- **Exercise**
Transcribe all records exactly; omit pictures.

- **Data supplied**

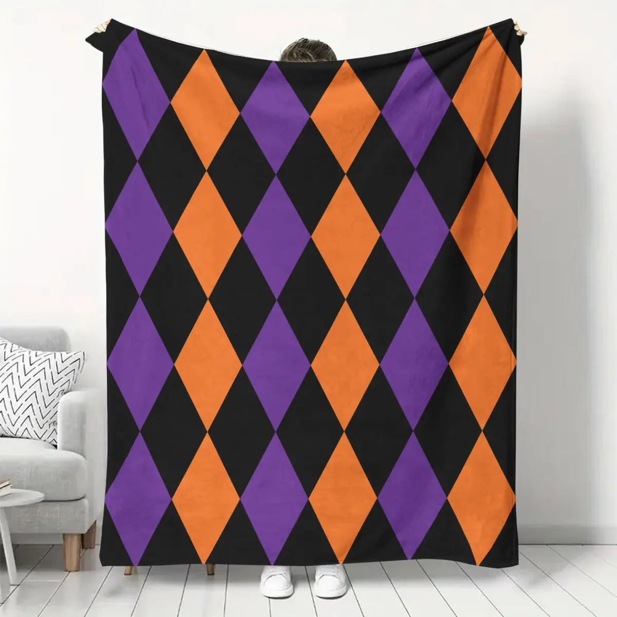 1pc Plaid Flannel Blanket - Soft Thick Warm Non-Shedding Black/Orange/Purple/White Bedspread, All-Season Heavy-Duty Bedding for $11.75
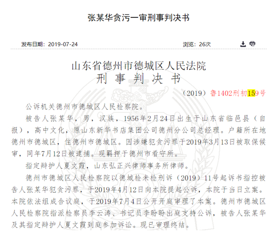 新浪财经讯 近日,裁判文书网公布一则贪污罪判决书,山东出版子公司山东新华书店集团旗下的德州新华书店原总经理张某某因帮助山东新华书店董事长刘某在济南购买250平米的房子,以支付稿费及虚开发票方式挪用公款110万元犯贪污罪,张某某获刑3年半有期徒刑,并处罚金20万元。
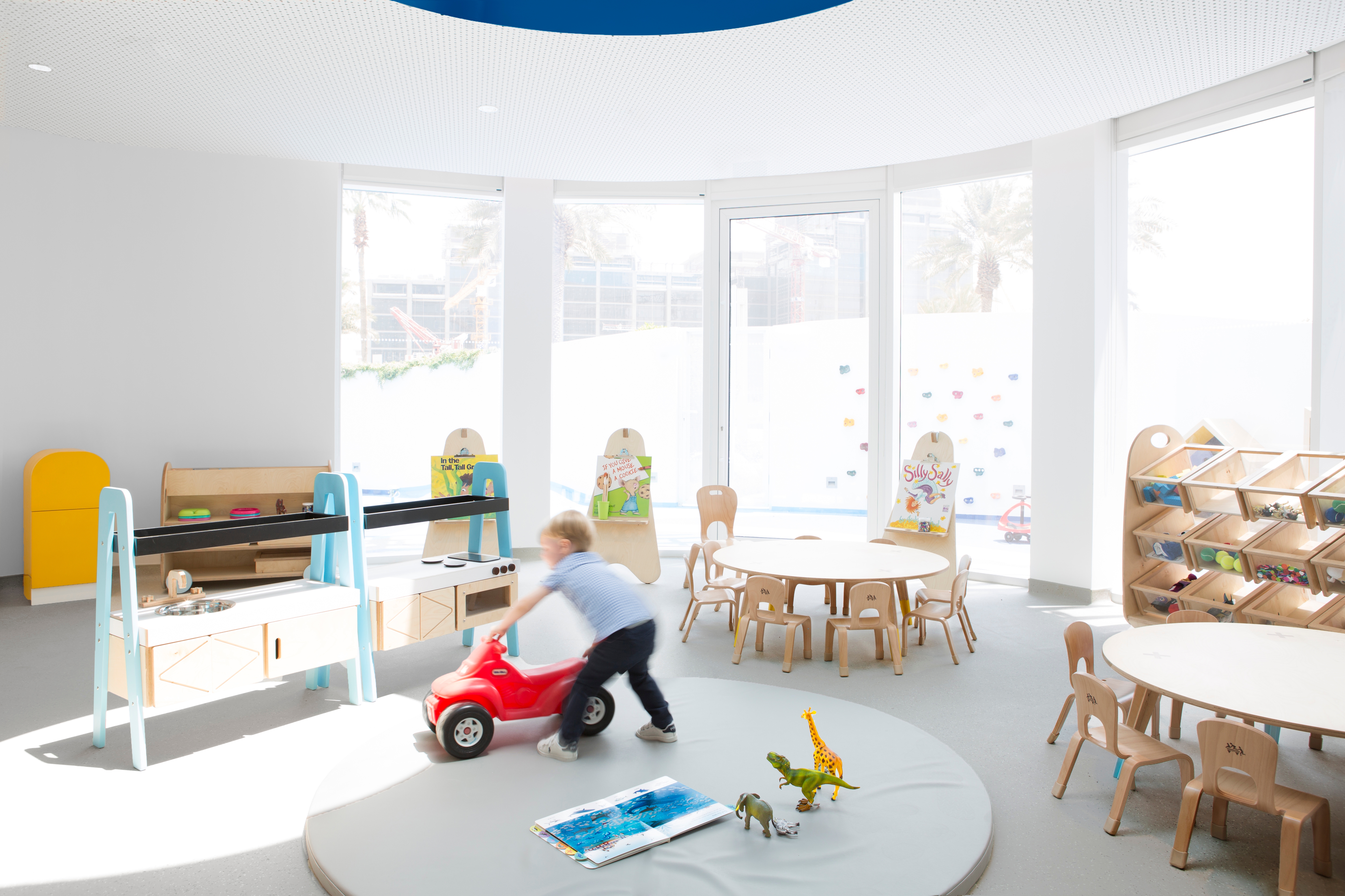 The heart of the 600-square-metre nursery is called Mars Lab – a nod to the UAE’s ambitious Mars space programme. The Mars Lab is a community space, where children of all ages, along with teachers and parents, gather in large or small groups.
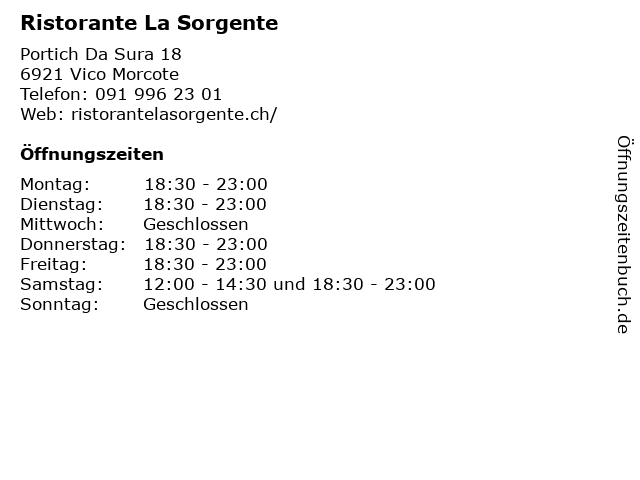 | Öffnungszeiten Ristorante La Sorgente in Vico Morcote anzeigen | |
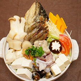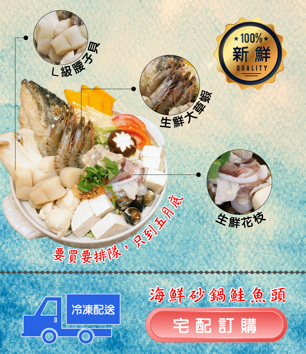 冬季限定的【鮭魚海鮮砂鍋魚頭】,一推出就大受顧客喜愛,是老闆不計成品的一道澎湃料理,實品就跟下圖一模一樣,塞滿各式新鮮海產和蔬果,有鮭魚頭、鮮干貝、生猛草蝦、鮮花枝和鮮蛤蜊...等多種食材,煮出海鮮的鮮甜味。

- **Response to the exercise**
 1pc Plaid Flannel Blanket - Soft Thick Warm Non-Shedding Black/Orange/Purple/White Bedspread, All-Season Heavy-Duty Bedding for $11.75
 新浪财经讯 近日,裁判文书网公布一则贪污罪判决书,山东出版子公司山东新华书店集团旗下的德州新华书店原总经理张某某因帮助山东新华书店董事长刘某在济南购买250平米的房子,以支付稿费及虚开发票方式挪用公款110万元犯贪污罪,张某某获刑3年半有期徒刑,并处罚金20万元。
 The heart of the 600-square-metre nursery is called Mars Lab – a nod to the UAE’s ambitious Mars space programme. The Mars Lab is a community space, where children of all ages, along with teachers and parents, gather in large or small groups.
 | Öffnungszeiten Ristorante La Sorgente in Vico Morcote anzeigen | |
 冬季限定的【鮭魚海鮮砂鍋魚頭】,一推出就大受顧客喜愛,是老闆不計成品的一道澎湃料理,實品就跟下圖一模一樣,塞滿各式新鮮海產和蔬果,有鮭魚頭、鮮干貝、生猛草蝦、鮮花枝和鮮蛤蜊...等多種食材,煮出海鮮的鮮甜味。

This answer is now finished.